Supported by the funding of the Finkel Fund through the University of Delaware Center for Material Culture Studies, Yoo Jin completed her internship at the Sookmyung Women’s University Museum. The internship comprised two distinct research projects: a collection-based study of East Asian embroidery objects and a field-based survey of Korean traditional clothing, hanbok.
As one of the earliest educational institutions for women founded by the royal family of the Korean Empire, the Sookmyung Women’s University dedicates its museum to collect and exhibit historic objects related to women’s life, education, and achievement. At the museum, Yoo Jin engaged with objects from the Chung Young Yang Embroidery Museum Collection, which represents the East Asian embroidery traditions as well as the personal research and reproductions by a Korean woman and director of the collection, Dr. Chung.

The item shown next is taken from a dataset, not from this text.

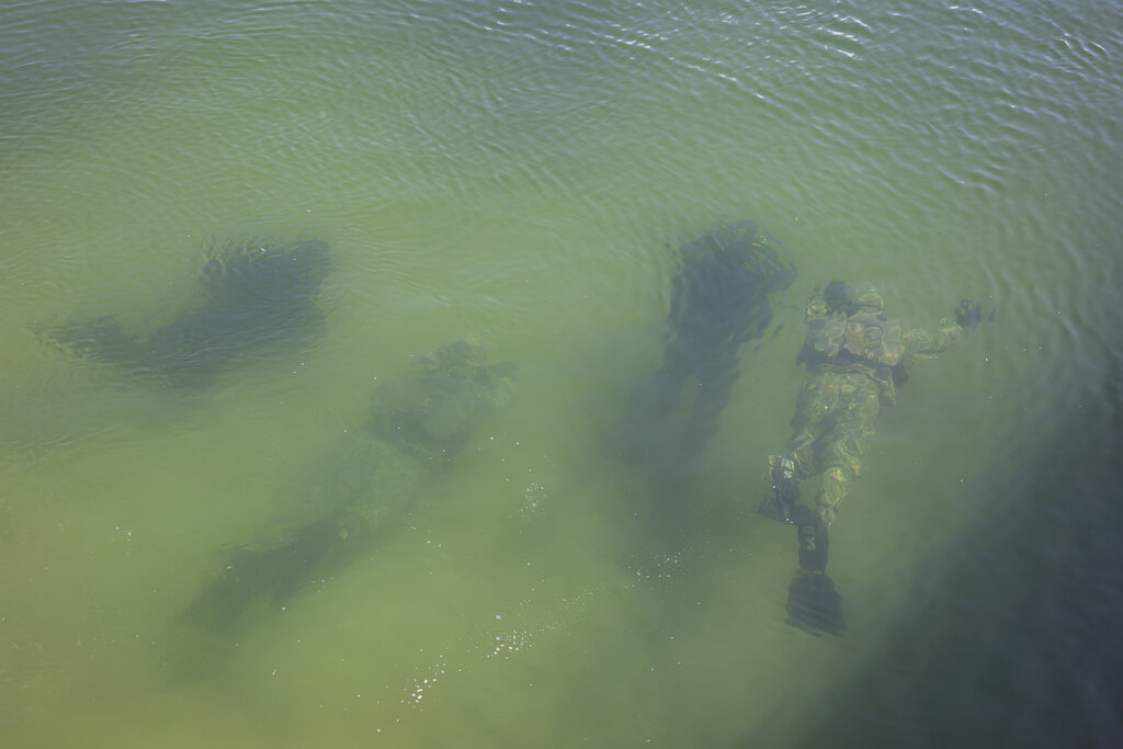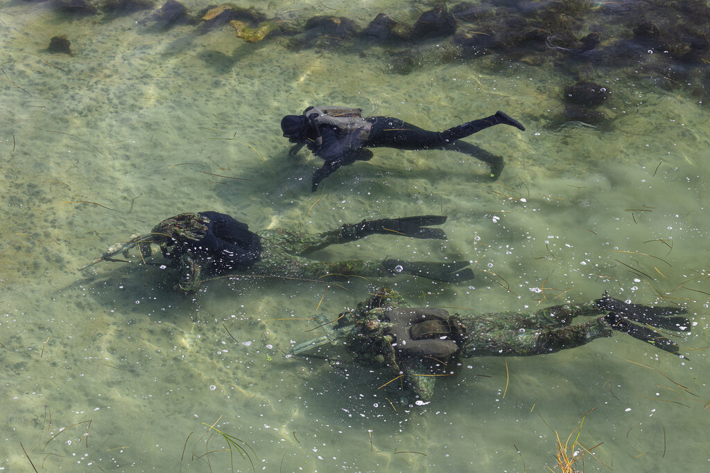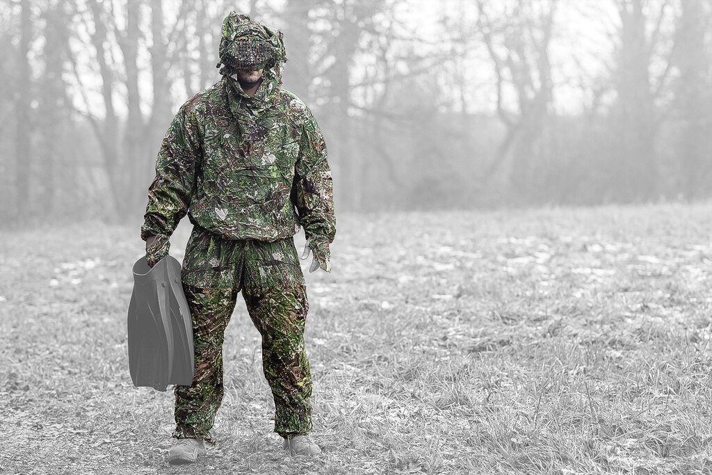 Maskovací oblek DIVER CAMO má výstuž Cordura na lakťoch aj kolenách aj kamufláž pre chrbty rúk. Dodáva sa vrátane krytu potápačskej masky. Oblek sa používa cez mokré aj suché oblečenie.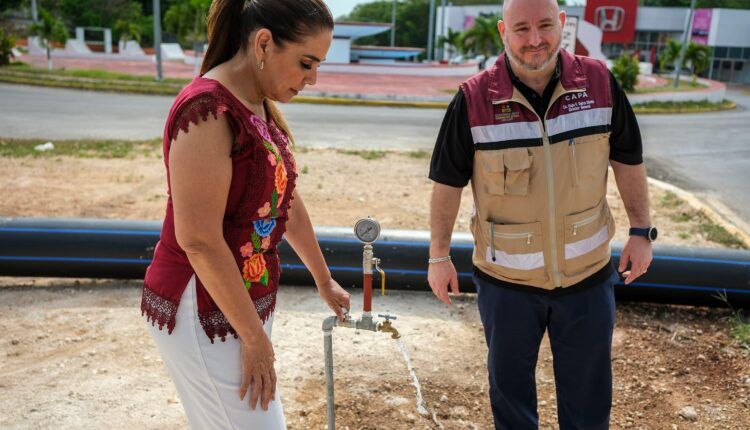 Chetumal.- Para que los y las chetumaleñas tengan un mejor servicio de agua potable, al que tienen derecho, la gobernadora Mara Lezama Espinosa y el director de la CAPA Hugo Garza Sáenz entregaron la obra de sustitución del acueducto de 14 pulgadas por uno de 24, de polietileno de alta densidad, en el tramo a partir del cárcamo del aeropuerto hasta el cruce de la avenida Revolución, sobre la avenida Álvaro Obregón.

Yoo Jin examined and drafted object reports of recent acquisitions, ranging from an embroidered mirror of Warring States period China to a nineteenth-century Mongolian thangka. The reports included information from English resources that have not been translated and are often understudied in Korea. She also explored traditional textile markets in Seoul and analyzed the uses of hanbok in contemporary settings.
Collecting data and samples of current and upcoming projects that use hanbok designs, she had opportunities to interact with public sectors involved in a government-led hanbok school uniform initiative and listen to consumers’ opinions on commercial collaborations among fashion brands such as hanbok pajamas by SPAO and Leesle.
Yoo Jin, who is in her second year in the graduate program of the Art History department, notes that the curatorial and market research through the Sookmyung Women’s University Museum internship allowed her to further develop her interests in traditions and consumption of East Asian textiles.